Татьяна непонимающе посмотрела на Газабека. Это же я, твоя Таня? 

— Теперь я вашу игру понял. Урок хороший. Спасибо.

Татьяна пыталась убедить Газабека, что она не имеет отношения к закрытию, но Газабек ей не верил. Татьяна говорила, что болела, что, даже если бы хотела, не могла бы отнести видео в полицию. Но Газабек не хотел слушать и захлопнул дверь. Татьяна заплакала. Она подумала, что повезло тем, кто курит. Когда им плохо, они принимаются за сигарету, и это их успокаивает. Татьяна ни разу в своей жизни не курила. И странно было бы начинать в сорок пять. Татьяна поднялась домой и приготовила шарлотку к приезду Лизы. Это был ее способ успокоиться.

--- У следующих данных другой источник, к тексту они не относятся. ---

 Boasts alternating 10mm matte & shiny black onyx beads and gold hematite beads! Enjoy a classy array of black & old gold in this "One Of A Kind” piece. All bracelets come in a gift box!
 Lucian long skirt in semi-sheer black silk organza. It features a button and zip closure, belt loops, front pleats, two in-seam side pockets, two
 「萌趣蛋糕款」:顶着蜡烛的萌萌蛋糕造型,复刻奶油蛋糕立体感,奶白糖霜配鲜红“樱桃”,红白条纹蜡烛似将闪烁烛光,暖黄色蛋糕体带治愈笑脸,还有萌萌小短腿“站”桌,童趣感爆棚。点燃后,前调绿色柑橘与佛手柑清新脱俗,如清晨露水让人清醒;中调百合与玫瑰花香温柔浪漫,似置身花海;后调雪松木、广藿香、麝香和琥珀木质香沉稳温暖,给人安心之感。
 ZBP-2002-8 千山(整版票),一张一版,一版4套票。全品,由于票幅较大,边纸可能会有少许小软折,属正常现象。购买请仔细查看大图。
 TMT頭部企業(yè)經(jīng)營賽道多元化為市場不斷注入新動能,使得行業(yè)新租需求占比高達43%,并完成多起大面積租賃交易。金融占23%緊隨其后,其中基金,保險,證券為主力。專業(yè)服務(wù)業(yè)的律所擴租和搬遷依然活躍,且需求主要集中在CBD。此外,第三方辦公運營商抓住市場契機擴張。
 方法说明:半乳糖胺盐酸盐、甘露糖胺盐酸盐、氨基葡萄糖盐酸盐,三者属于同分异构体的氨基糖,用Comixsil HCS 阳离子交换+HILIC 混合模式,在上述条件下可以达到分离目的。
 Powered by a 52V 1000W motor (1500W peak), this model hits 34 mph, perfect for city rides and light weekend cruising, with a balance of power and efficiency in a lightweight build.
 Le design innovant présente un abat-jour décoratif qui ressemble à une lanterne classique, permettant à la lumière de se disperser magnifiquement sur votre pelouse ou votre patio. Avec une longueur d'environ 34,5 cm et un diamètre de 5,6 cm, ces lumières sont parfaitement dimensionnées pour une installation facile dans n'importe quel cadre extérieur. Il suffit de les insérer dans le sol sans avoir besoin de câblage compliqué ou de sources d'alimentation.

Помогая на следующий день Лизе поднять чемодан, Татьяна столкнулась с Ниной Ильиничной. Та была в приподнятом настроении, на ней был спортивный костюм и неизменная брошь в виде птицы Феникс, которая кочевала с одной кофты на другую. 

— Танечка, спите спокойно. Больше вас не потревожат. Не благодарите! 

Татьяна замерла.

— Так это вы!

Нина Ильинична заулыбалась еще шире. 

— А кто же еще! Я побольше вашего пожила. Знаю, как с такими управиться. 

Татьяна разволновалась: 

— Да как вы смеете влезать в чужую жизнь?! Я вас что, просила?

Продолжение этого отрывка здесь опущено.